Work item ▸
Where an image occurs, skip it and print the rest of the records verbatim.
-- Provided records follows --
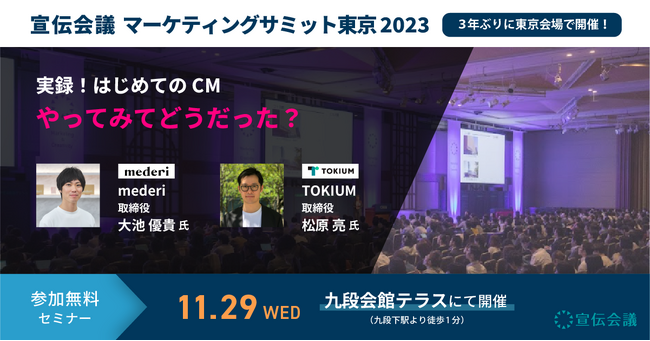 11月29日に実施されるイベントで、mederi株式会社 取締役 大池氏と「はじめてのテレビCM公開」をテーマに対談
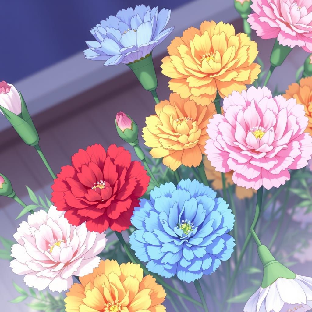 A digital anime illustration of vibrant carnations. The image evokes key visual elements from Japanese manga and anime art styles.
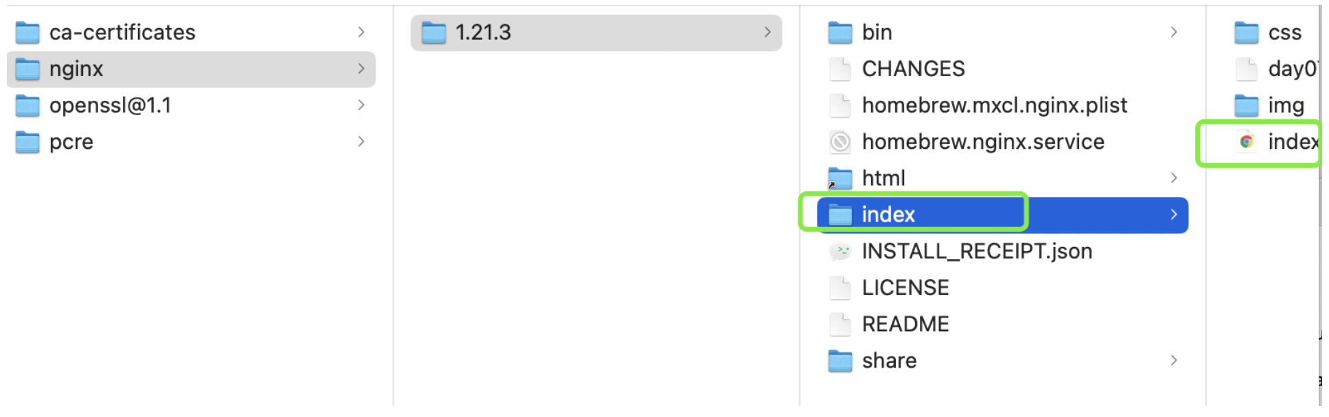 1、在终端输入open /opt/homebrew/Cellar/nginx 进入静态资源目录,将事先写好的 html文件放置在 index目录下,如图所示
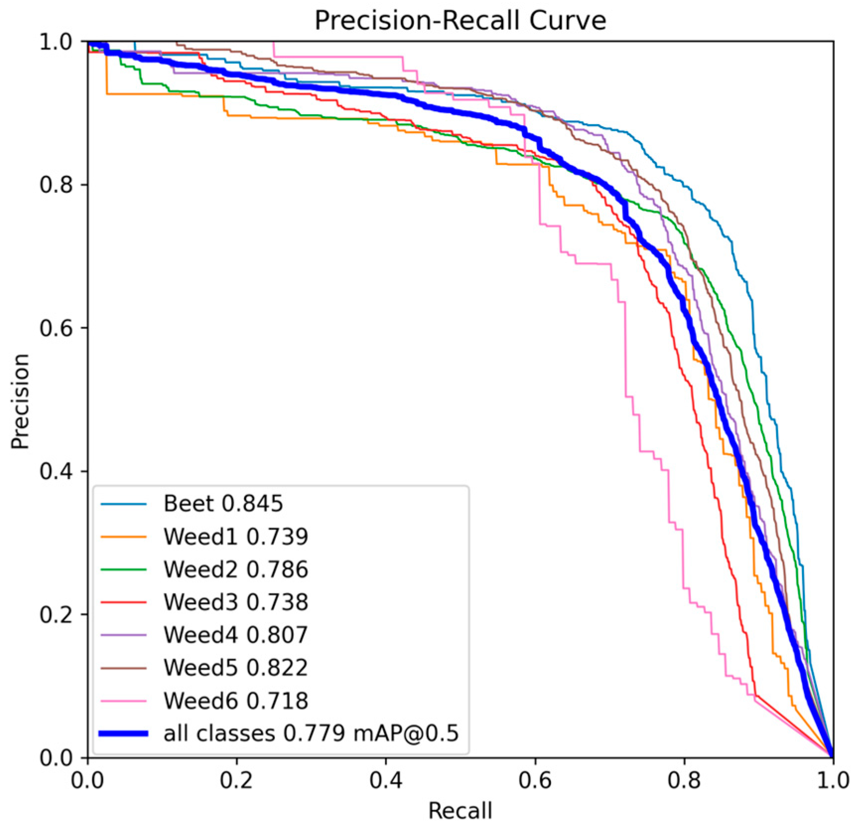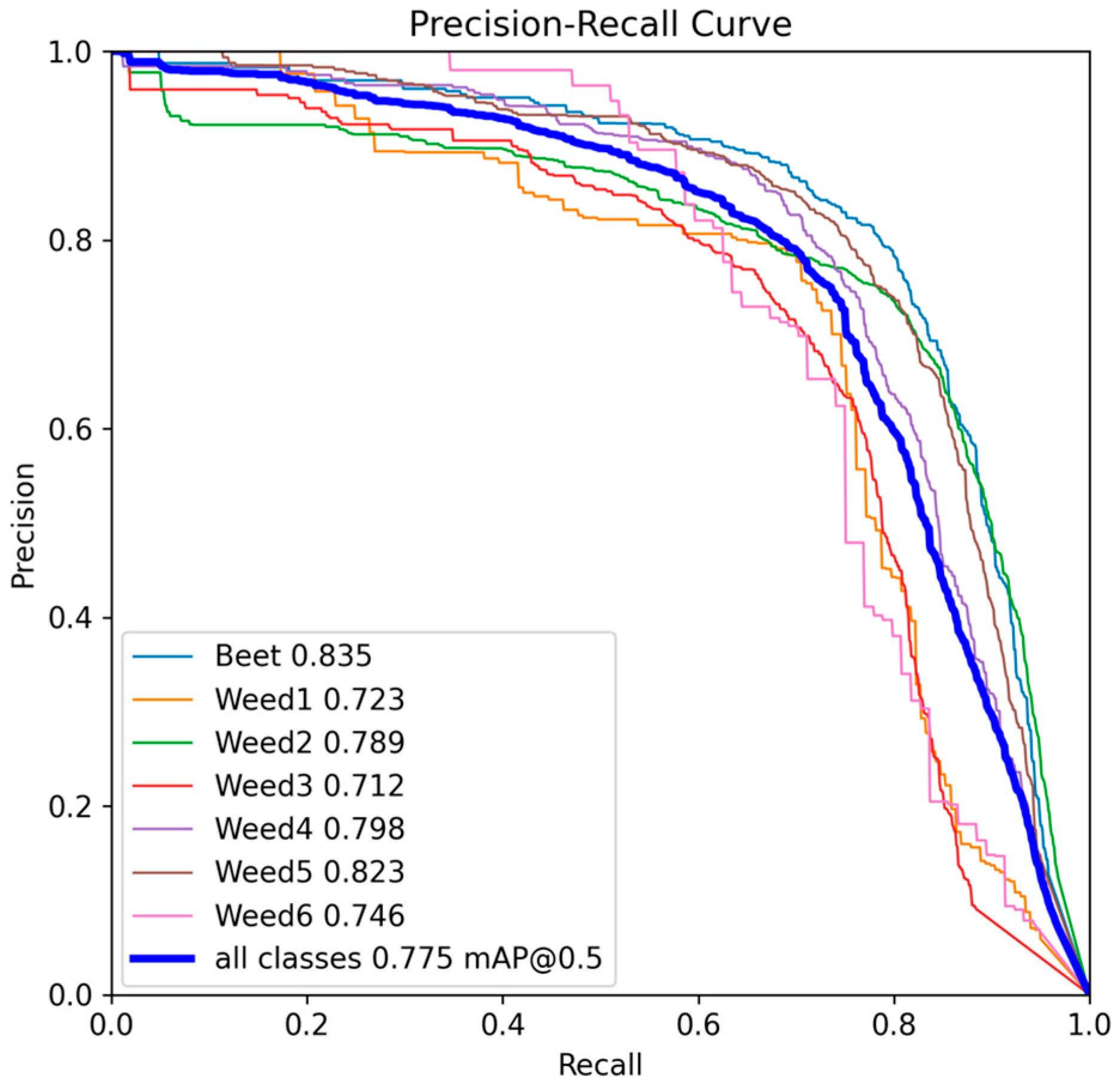 Figure 6) show smooth trajectories without early collapses, indicating stable behaviour across different thresholds. The area under the curve (AP) confirms the following order of per-class performance: Beet (0.845), followed by Weed5 (0.822), then Weed4 (0.807), Weed2 (0.786), Weed3 (0.738), Weed1 (0.739), and finally Weed6 (0.718). In practical terms, Beet, Weed5, and Weed4 maintain high precision even at elevated recall values; Weed2 retains solid behaviour but loses precision when recall exceeds approximately 0.8; and Weed1, Weed3, and Weed6 exhibit an earlier drop in precision, indicating greater sensitivity to occlusions, background texture, and inter-species similarity.
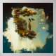 Abstract SciFi Cat Raven Witchy AI Art Matte Value Poster
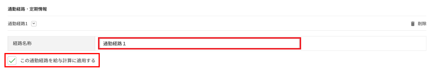 給与計算時に通勤手当として利用する場合は、「この通勤経路を給与計算に適用する」にチェックします。
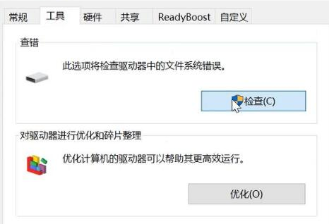 2.在属性页面中选择“工具”项,并点击页面右侧的“检查”按钮自动检查修复。
-- Provided records concluded --
Result below ▸
 11月29日に実施されるイベントで、mederi株式会社 取締役 大池氏と「はじめてのテレビCM公開」をテーマに対談
 A digital anime illustration of vibrant carnations. The image evokes key visual elements from Japanese manga and anime art styles.
 1、在终端输入open /opt/homebrew/Cellar/nginx 进入静态资源目录,将事先写好的 html文件放置在 index目录下,如图所示
 Figure 6) show smooth trajectories without early collapses, indicating stable behaviour across different thresholds. The area under the curve (AP) confirms the following order of per-class performance: Beet (0.845), followed by Weed5 (0.822), then Weed4 (0.807), Weed2 (0.786), Weed3 (0.738), Weed1 (0.739), and finally Weed6 (0.718). In practical terms, Beet, Weed5, and Weed4 maintain high precision even at elevated recall values; Weed2 retains solid behaviour but loses precision when recall exceeds approximately 0.8; and Weed1, Weed3, and Weed6 exhibit an earlier drop in precision, indicating greater sensitivity to occlusions, background texture, and inter-species similarity.
 Abstract SciFi Cat Raven Witchy AI Art Matte Value Poster
 給与計算時に通勤手当として利用する場合は、「この通勤経路を給与計算に適用する」にチェックします。
 2.在属性页面中选择“工具”项,并点击页面右侧的“检查”按钮自动检查修复。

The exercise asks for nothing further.